Goaltender Tristan Jarry is not necessarily being shopped by Dubas, but there is a sense among other teams that Jarry is available. While that doesn’t mean Dubas or Sullivan has abandoned the idea that Jarry can become a No. 1 goalie, Jarry’s inability to wrestle the crease from Alex Nedeljkovic late this past season did not win him many points with top brass, two team sources said.

The Penguins will keep Jarry if they cannot find a deal that either directly or, by clearing cap space, indirectly addresses a need: a top-six forward (ideally a winger for Crosby) or a top-four defenseman.

Ryan Graves was expected to be a top-four defenseman, but his first season with the Penguins was perceived internally as a bust. Dubas does not believe there is a market for Graves without the Penguins eating significant salary, so the hope is Graves rebounds in his second season — with fewer expectations as a bottom-pairing option, team sources said.

Letang’s injury status

Though it wasn’t the best outcome, Letang’s successful finger surgery on his left hand has team personnel confident he’ll be closer to the player he was in the first half last season.

The injury, which lingered for the final months, negatively impacted Letang’s grip on his stick. Letang never used it as an excuse, but the Penguins feel some of his perceived sloppiness with the puck was because he couldn’t control it due to the injury, team sources said.

Surgery is always a last resort for players. Given Letang’s medical condition — he can’t take certain medications due to his stroke history — all other options were considered.

Letang is expected to be a full participant in training camp, and his offseason workout regimen is not anticipated to be significantly affected by his recovery.

Broadcast changes

Officials from SportsNet Pittsburgh, a regional sports channel launched by FSG late last summer, spent the past few weeks evaluating on-air talent for Penguins broadcasts. This was a planned evaluation period, as last season featured multiple color commentators for TV play-by-play broadcaster Josh Getzoff.
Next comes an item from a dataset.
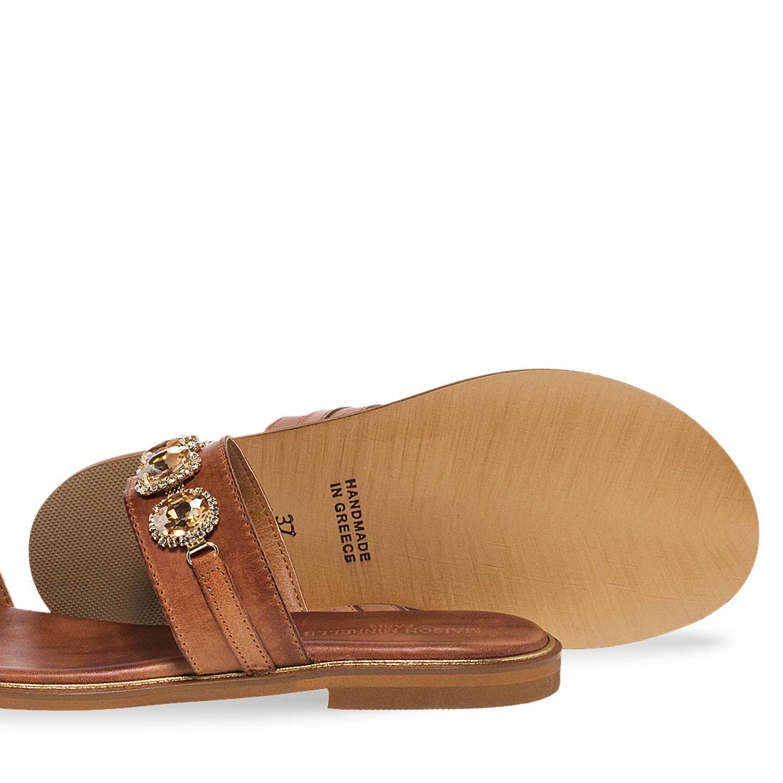 Fashionable flat sandals by brand Maison Minrelle. Stylish sandals with double strap. Soft foodbed and non slip sole. A good mix of comfort and style.

Phil Bourque, who won the Stanley Cup twice with the Penguins as a player in the 1990s and has spent most of the previous two decades doing color on radio broadcasts, is the team’s preferred choice to become Getzoff’s permanent TV partner, team sources said. Bourque worked select games with Getzoff on TV last season, and their chemistry from years as a radio team was apparent.

FSG owns SportsNet Pittsburgh and launched a direct-to-consumer app that allows fans without local cable packages to pay monthly to stream Penguins broadcasts next season — even more reason for FSG to solidify the SportsNet Pittsburgh broadcast team.

To that end, bringing Bourque over from the radio side is viewed as smart business. Not only does Bourque have a connection to Penguins fans that exceeds 30 years, he also makes many appearances for sponsors and charities at no cost, which wasn’t well-known to FSG brass before the past couple of years.

One potential wrinkle is the Penguins’ radio broadcasts, which have generated the highest American ratings for any NHL team this decade. FSG owns SportsNet Pittsburgh, but the Penguins partner with 105.9-FM (WXDX) for their radio programming. The Penguins’ radio partner is not keen to lose Bourque, especially with play-by-play broadcaster Steve Mears’ status for next season unknown.

Mears preceded Getzoff as the Penguins’ TV voice before FSG made a change last summer upon the transition to SportsNet Pittsburgh. Mears accepted an offer to call games on the radio because it was too late for him to line up TV work elsewhere, but it’s known internally he wants to work in that medium.

Potentially losing both Mears and Bourque from radio isn’t ideal for the Penguins or their radio partner, but getting the TV broadcast team is paramount, team sources said. If that means an entirely new radio broadcast team — or even a rotation involving multiple talents — there seems to be a consensus that Getzoff-Bourque is the best choice for the business of SportsNet Pittsburgh.